Aku langsung Ke RS setelah mendengar kabar itu.

aku melihat minho yg tergeletak menangis di lantai .

seketika mataku mulai mengeluarkan air mata.

"oppa !!" kataku dengan suara yg halus.

ia memandangku sendu.

"oppa... gwenchana , ikhlaskan kepergian appa mu !!"

"hikshikshiks!!" aku pun memeluknya erat.

aku menenangkan minho setelah pemakaman selesai.

"oppa .. gwenchana .. masih ada aku disini."
ujarku mengelus rambutnya.

namun dia hanya diam.

Next day .

Minho POV

Aku berjalan gontai menuju rumah taem untuk berpamitan.

aku akan ke iinceon untuk mengurus perkebunan ahjussi serta appaku, sementara rumahku suudah ku jual untuk melunasi hutang2 appa semasa ia membiayai kuliahku.

"oppa.. ! wae?"

"annyi .. aku hanya ingin pamit .. ! "

"wae? kemana?"

"aku akan ke inceon untuk waktu yg lama, iini surat pengunduran diriku , mian aku akan seriing menelponmu."

aku pun berjlan pergi.

"wae? !! apa kau mau melepaskan janjimu?" triak taem.

aku pun menoleh.

"aku hanya menyusahkanmu saja pastinya jika aku tterus berada disini, aku sudah tidak punya apa2 lagi."

"oppa !! jangan bicarakan itu sebangai alasan,, ingatlah kau sudah berjanji akan selalu menjagaku kan? kau sudah membuatku bangkit kembali, kau sudah membuatku jatuh cinta padamu lalu sekarang kau mau pergi begitu saja wae?"
kata taem yg menangis.

aku pun berlari dan memeluknya kembali .

"oppa ..jangan pergi , jika kau ppergi bawa aku bersamamu. "

"mianhe .. aku akan pertimbangkan , tapi dengan 1 syarat , kau harus segera selesaikan sekolahmu dulu kemudian aku akan menjemputmu !!"
ujarku lalu taem memelukkuu lagi.

Hari itu kami habiskan untuk bersama seharian karna besok aku akan pergi.

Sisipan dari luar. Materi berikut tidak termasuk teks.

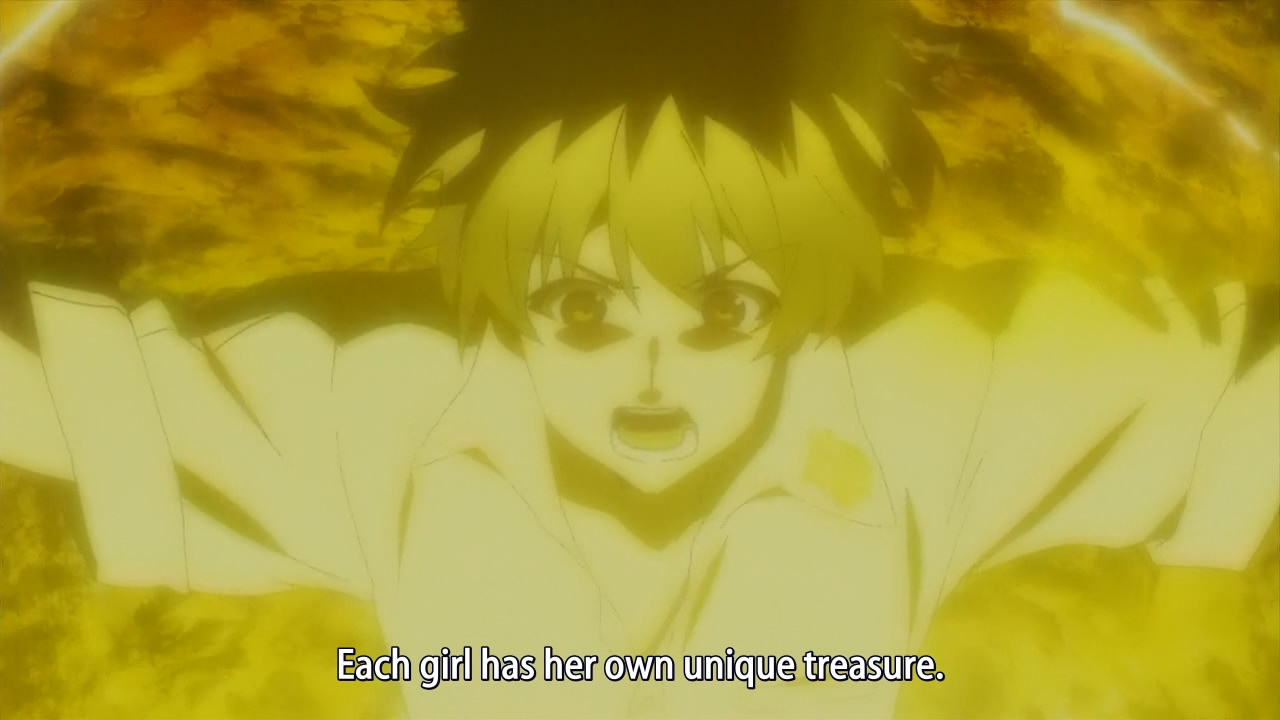 The same thing happens every week: an enemy gets the upper hand on Lisara, she reluctantly accepts the harem lead’s horniness, she wins, so on and so forth. The only difference is that you might get to glimpse a different pair of boobs in every new episode. It’s like watching Star Driver all over again, but there’s no hip shake to save the day.

"oppa !! aku sangat senang mengenalmu ."

"ne cheonma ^^"

kami hanya menghabiskan waktu di kamar saja.

"oppa .. sebelum kau pergi apa kau mau mengabulkan permintaanku?"

"wae? "

" aku ingin hari ini jadi hari yg tak kan terlupakan, tolong lakukan apa yg ingin kau lakukan waktu itu.. aku tak akan teriak karna itu adalah kau !!"

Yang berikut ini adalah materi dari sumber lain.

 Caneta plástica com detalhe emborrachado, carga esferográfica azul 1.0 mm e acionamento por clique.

aku terkejut mendengarnya, Taem ingin melakukan hubungan itu sebelum aku pergi . ^^

aku pun mulai mencumbunya ..

taemm pun merespon itu dengan penuh gairah .

kami berguling2 di kasur yg empuk itu, saat aku hendak memulai.
taem memejamkan matanya, terlihat masih ada sisa trauma di fikirannya.

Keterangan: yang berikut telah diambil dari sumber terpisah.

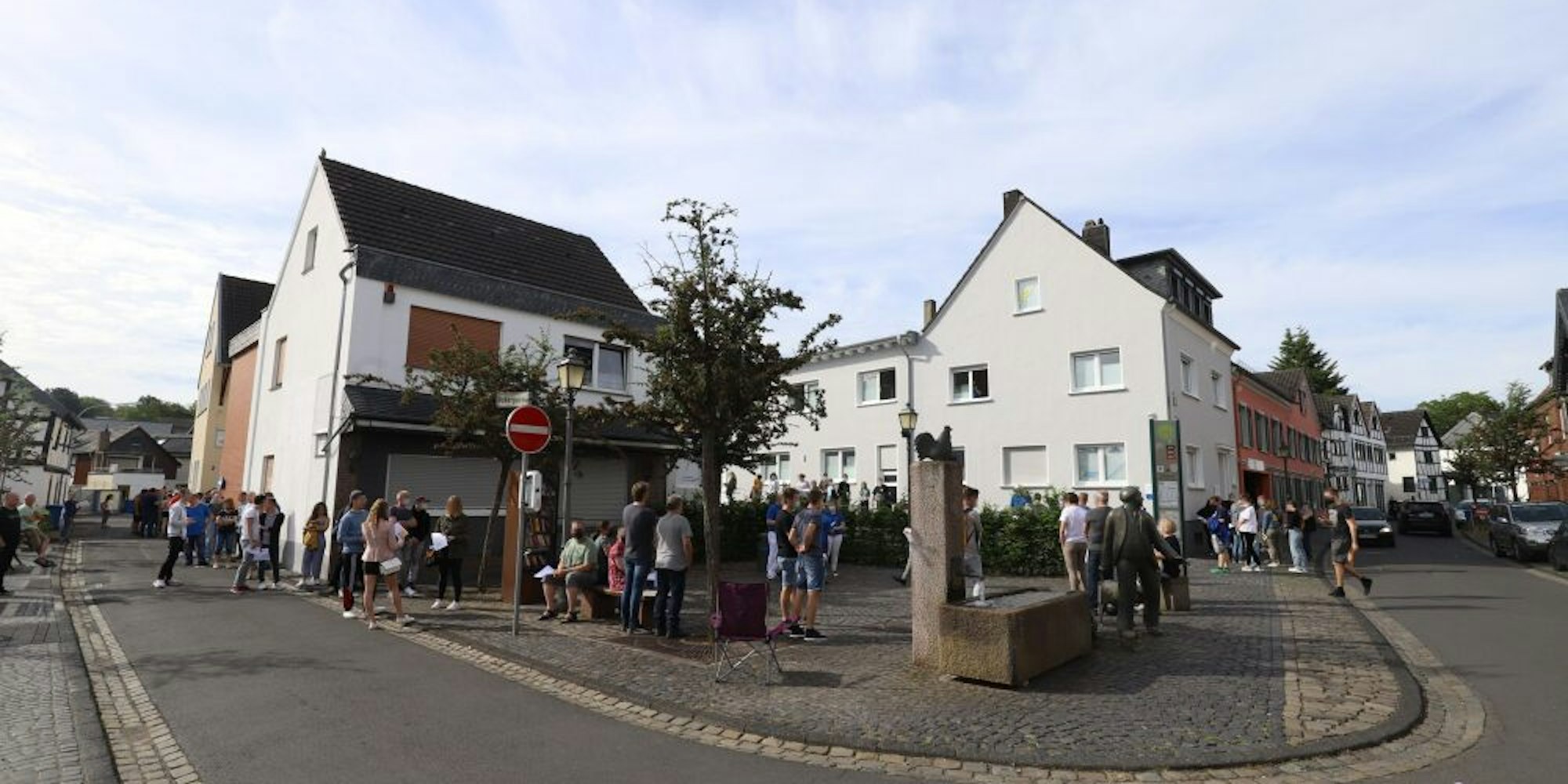 Mechernich-Kommern – Es war nicht schwer zu erkennen, dass an diesem Morgen in Kommern etwas Besonderes stattfand. In langer Reihe standen die Menschen am Samstag von der Kölner Straße in die Pützgasse bis über den Bleibach. Manche hatten sich mit Campingstühlen ausgerüstet, weil sie lange Wartezeiten befürchteten. Doch das Interesse galt nicht begehrten Konzerttickets oder Sonderangeboten. An diesem Tag konnten die Menschen ohne Termin und Voranmeldung eine Corona-Schutzimpfung erhalten

"lihatlah ini aku , choi minho !"
ia pun membuka matanya lalu menciumku .

kami pun melakukannya.

ada suara desahan menggoda saat aku menikmati tubuh taem dengan penuh semangat, saat ku masukan kejantananku ia pun mengerang , terasa masih sempit dan lembut kurasa , itu berarti ia belum pernah dii sentuh di bagiian tersebut, aku pun bahagia karna aku adalah orang pertama yg melakukannya.

akuu sangat menikmati saat2 itu , begitu juga taem yg mengeluarkan energi yg banyak untuk menahan rasa nikmat iitu.

"apa kau bahagia ?"

"ne oppa ,, aku sangat bahagia melakukannya bersamamu."

aku pun mulai memainkan lagi permainan yg dahsyat itu , sesekali tangan taem meremas punggungku . mungkin karna terasa nikmat yg luarrrr biasa. hahah^^

Taem POV
Aku merasakan nikmat di sekujur tubuh serta perasaanku .

mungkin ini salah bagiku yg masiih murid SMU , namun ini tidak salah bagi perasaanku yg mencintainya.